━━━━━ DATA FOR THIS TASK ━━━━━

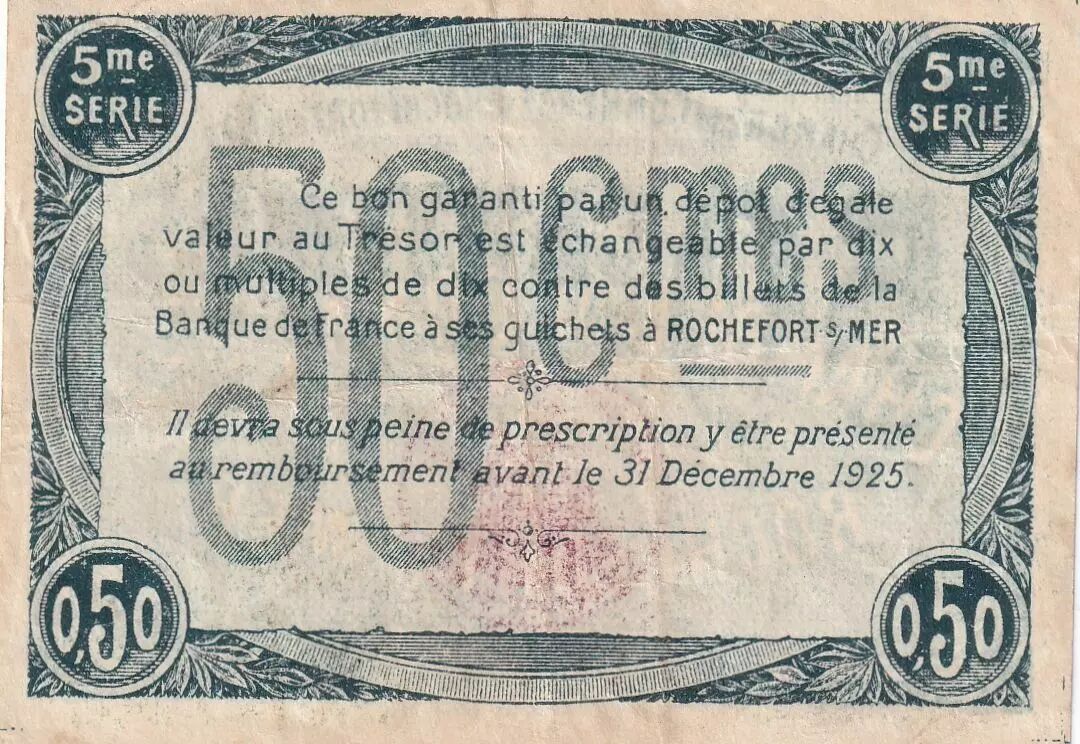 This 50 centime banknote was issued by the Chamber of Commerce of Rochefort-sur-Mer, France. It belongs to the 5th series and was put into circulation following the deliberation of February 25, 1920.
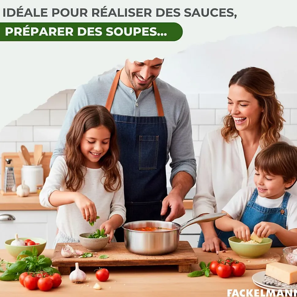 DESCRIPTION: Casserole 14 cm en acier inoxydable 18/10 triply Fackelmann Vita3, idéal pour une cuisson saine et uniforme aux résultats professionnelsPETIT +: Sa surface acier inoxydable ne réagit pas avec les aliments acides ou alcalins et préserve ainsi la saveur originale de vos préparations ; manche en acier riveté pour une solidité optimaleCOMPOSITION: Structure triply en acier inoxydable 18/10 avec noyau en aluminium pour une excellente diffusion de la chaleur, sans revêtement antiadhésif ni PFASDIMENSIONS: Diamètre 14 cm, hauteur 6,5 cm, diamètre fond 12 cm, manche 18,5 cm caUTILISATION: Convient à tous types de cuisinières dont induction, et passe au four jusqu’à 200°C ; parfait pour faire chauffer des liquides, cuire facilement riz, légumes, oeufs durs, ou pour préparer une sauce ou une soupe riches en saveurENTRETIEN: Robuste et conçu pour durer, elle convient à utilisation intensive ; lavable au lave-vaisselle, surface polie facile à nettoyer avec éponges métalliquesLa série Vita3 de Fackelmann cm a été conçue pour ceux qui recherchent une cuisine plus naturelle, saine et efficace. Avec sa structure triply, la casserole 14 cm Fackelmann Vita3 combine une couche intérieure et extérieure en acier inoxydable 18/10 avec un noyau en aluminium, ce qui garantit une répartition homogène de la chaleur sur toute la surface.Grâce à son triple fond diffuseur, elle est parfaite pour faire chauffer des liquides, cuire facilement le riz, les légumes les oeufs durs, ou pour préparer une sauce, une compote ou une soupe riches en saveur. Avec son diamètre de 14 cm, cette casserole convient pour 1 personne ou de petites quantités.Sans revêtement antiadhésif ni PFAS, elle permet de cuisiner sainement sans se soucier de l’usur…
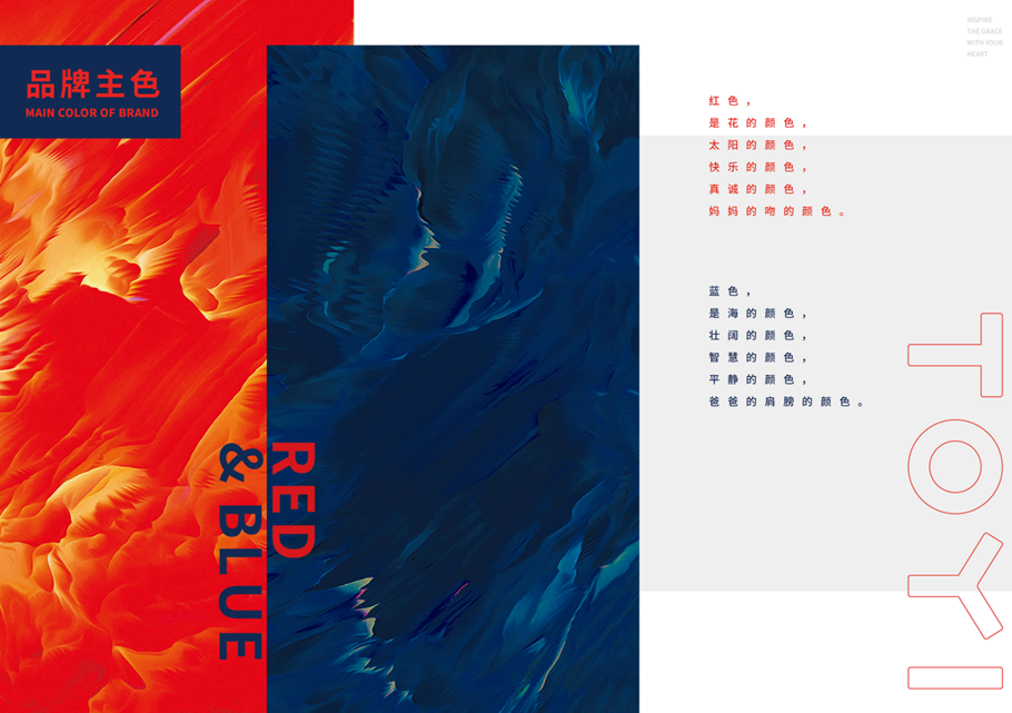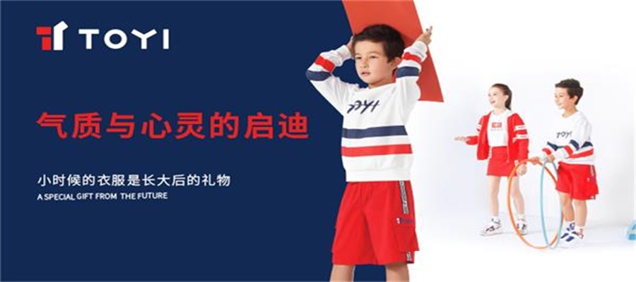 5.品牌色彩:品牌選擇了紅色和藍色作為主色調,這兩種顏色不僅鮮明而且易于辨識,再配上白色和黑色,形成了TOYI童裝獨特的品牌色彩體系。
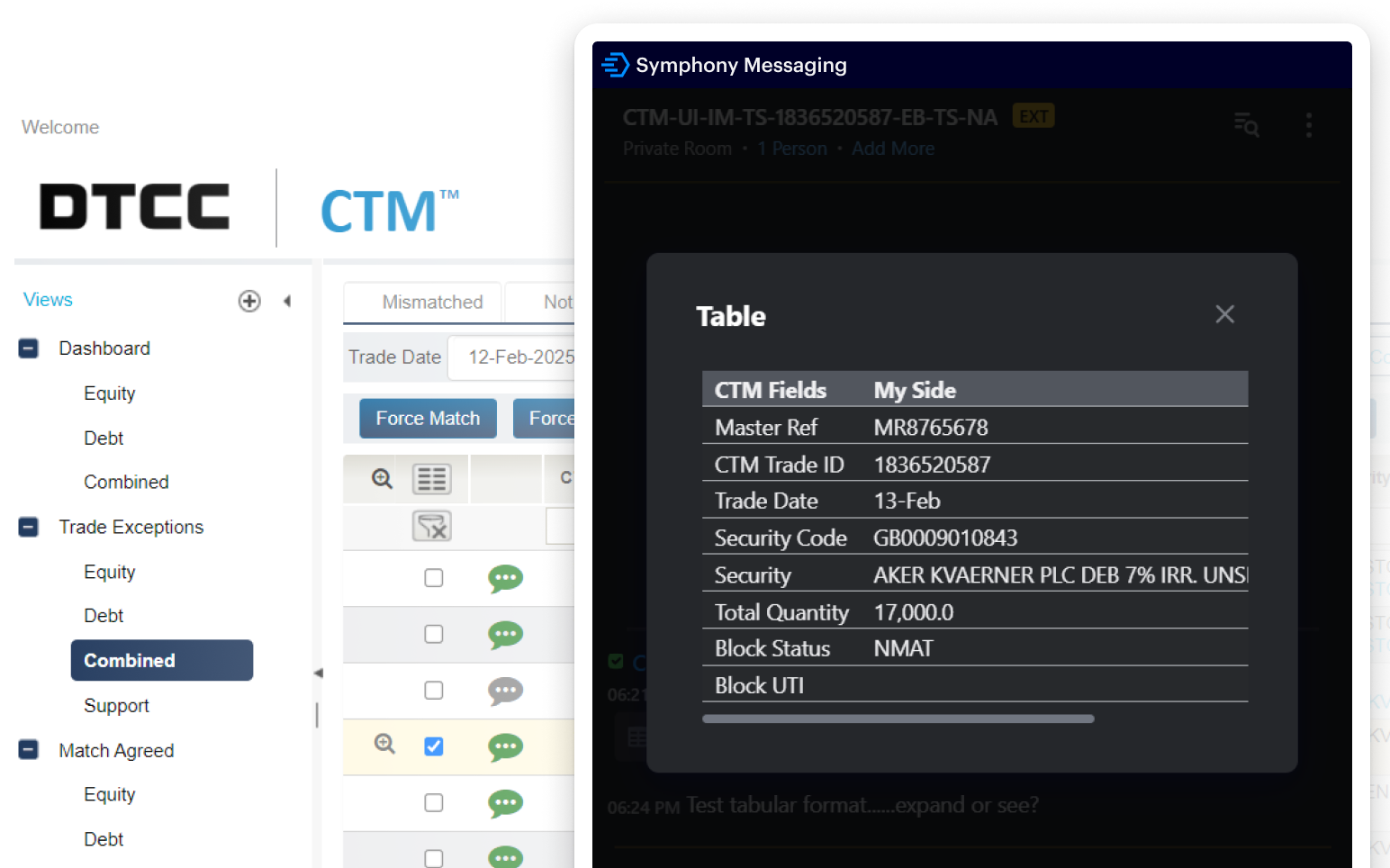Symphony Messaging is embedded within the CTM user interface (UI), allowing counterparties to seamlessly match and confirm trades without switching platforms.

━━━━━
━━━━━ DATA FOR THIS TASK ━━━━━

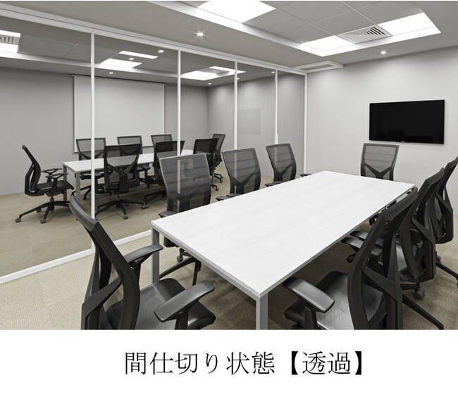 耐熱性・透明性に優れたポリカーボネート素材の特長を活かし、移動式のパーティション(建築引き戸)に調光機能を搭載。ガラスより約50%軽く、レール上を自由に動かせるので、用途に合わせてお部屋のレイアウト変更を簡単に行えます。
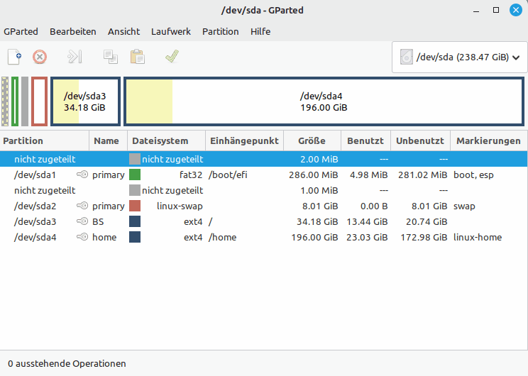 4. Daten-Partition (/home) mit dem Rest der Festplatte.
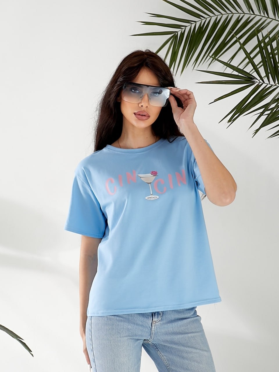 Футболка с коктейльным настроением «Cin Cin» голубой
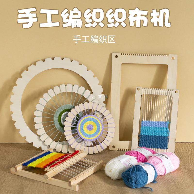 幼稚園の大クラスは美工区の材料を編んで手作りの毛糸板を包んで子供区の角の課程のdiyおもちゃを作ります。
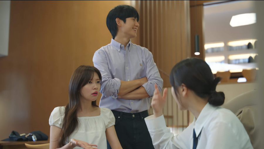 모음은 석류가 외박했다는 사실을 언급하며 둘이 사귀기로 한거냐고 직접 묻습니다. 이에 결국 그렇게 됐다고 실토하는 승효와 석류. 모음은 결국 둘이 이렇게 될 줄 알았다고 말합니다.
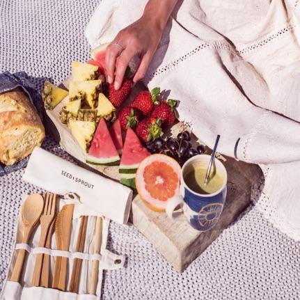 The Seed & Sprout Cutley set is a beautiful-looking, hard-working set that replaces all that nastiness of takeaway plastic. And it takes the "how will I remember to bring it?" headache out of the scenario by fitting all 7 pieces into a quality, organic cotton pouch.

━━━━━
━━━━━ DATA FOR THIS TASK ━━━━━

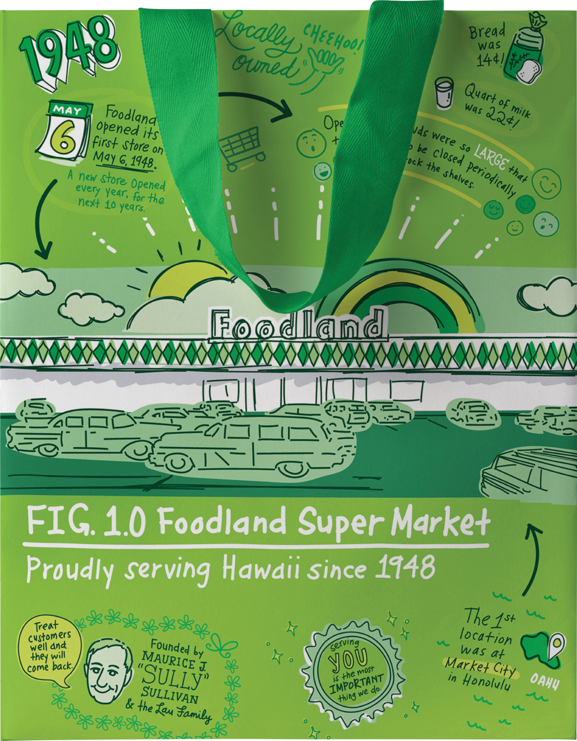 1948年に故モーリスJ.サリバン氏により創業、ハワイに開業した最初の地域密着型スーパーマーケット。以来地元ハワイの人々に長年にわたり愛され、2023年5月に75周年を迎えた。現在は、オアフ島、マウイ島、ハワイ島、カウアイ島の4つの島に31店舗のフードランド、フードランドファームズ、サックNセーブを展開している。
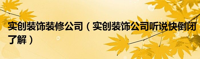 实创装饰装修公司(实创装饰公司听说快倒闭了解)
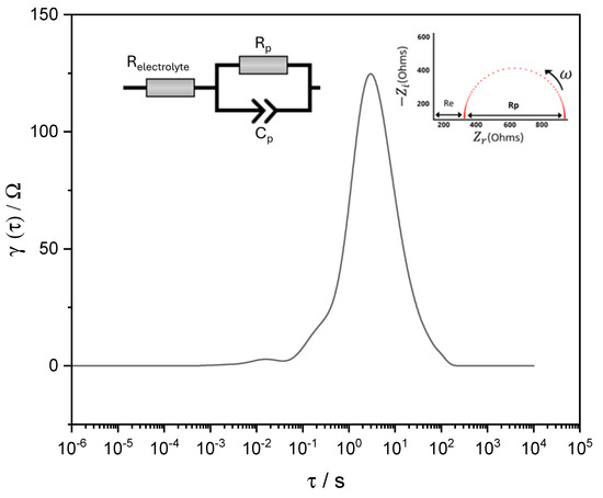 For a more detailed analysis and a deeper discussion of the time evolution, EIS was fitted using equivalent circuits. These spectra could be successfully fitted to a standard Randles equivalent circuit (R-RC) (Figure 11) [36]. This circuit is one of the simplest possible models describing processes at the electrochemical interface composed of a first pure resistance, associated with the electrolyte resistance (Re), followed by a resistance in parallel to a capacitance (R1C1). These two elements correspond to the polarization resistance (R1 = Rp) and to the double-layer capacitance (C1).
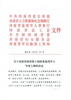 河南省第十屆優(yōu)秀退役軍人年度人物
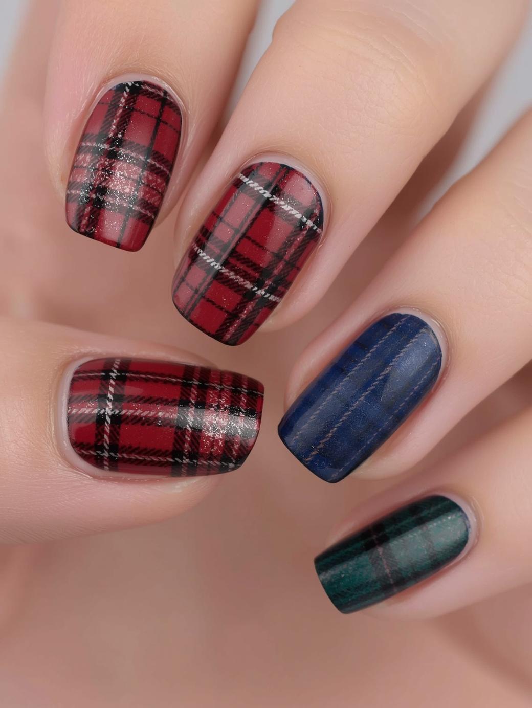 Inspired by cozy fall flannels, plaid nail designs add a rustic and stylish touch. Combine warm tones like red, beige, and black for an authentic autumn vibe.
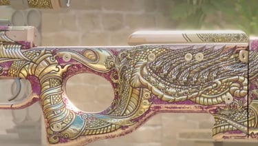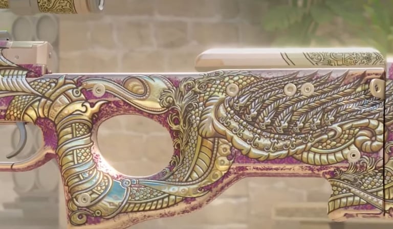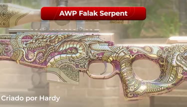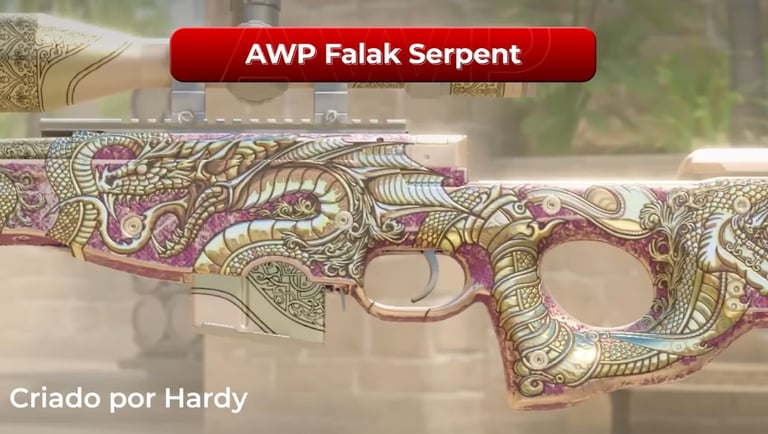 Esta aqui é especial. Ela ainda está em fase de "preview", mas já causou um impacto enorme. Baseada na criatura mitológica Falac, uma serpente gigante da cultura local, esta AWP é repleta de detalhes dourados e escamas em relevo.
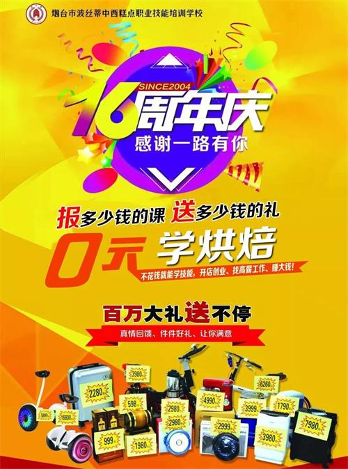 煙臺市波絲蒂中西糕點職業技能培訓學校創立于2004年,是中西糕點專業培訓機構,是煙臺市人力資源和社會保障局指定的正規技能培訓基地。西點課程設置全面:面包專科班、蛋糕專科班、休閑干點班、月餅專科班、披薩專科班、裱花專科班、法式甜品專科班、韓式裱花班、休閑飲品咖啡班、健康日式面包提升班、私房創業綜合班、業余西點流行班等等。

━━━━━

**TASK TO CARRY OUT:**
Set the pictures aside and transcribe exactly the stretch of lines above, beginning with the one holding "모음은 석류가 외박했다는" and ending with the one holding "The Seed & Sprout".

**SOLUTION TO THE PROBLEM:**
 모음은 석류가 외박했다는 사실을 언급하며 둘이 사귀기로 한거냐고 직접 묻습니다. 이에 결국 그렇게 됐다고 실토하는 승효와 석류. 모음은 결국 둘이 이렇게 될 줄 알았다고 말합니다.
 The Seed & Sprout Cutley set is a beautiful-looking, hard-working set that replaces all that nastiness of takeaway plastic. And it takes the "how will I remember to bring it?" headache out of the scenario by fitting all 7 pieces into a quality, organic cotton pouch.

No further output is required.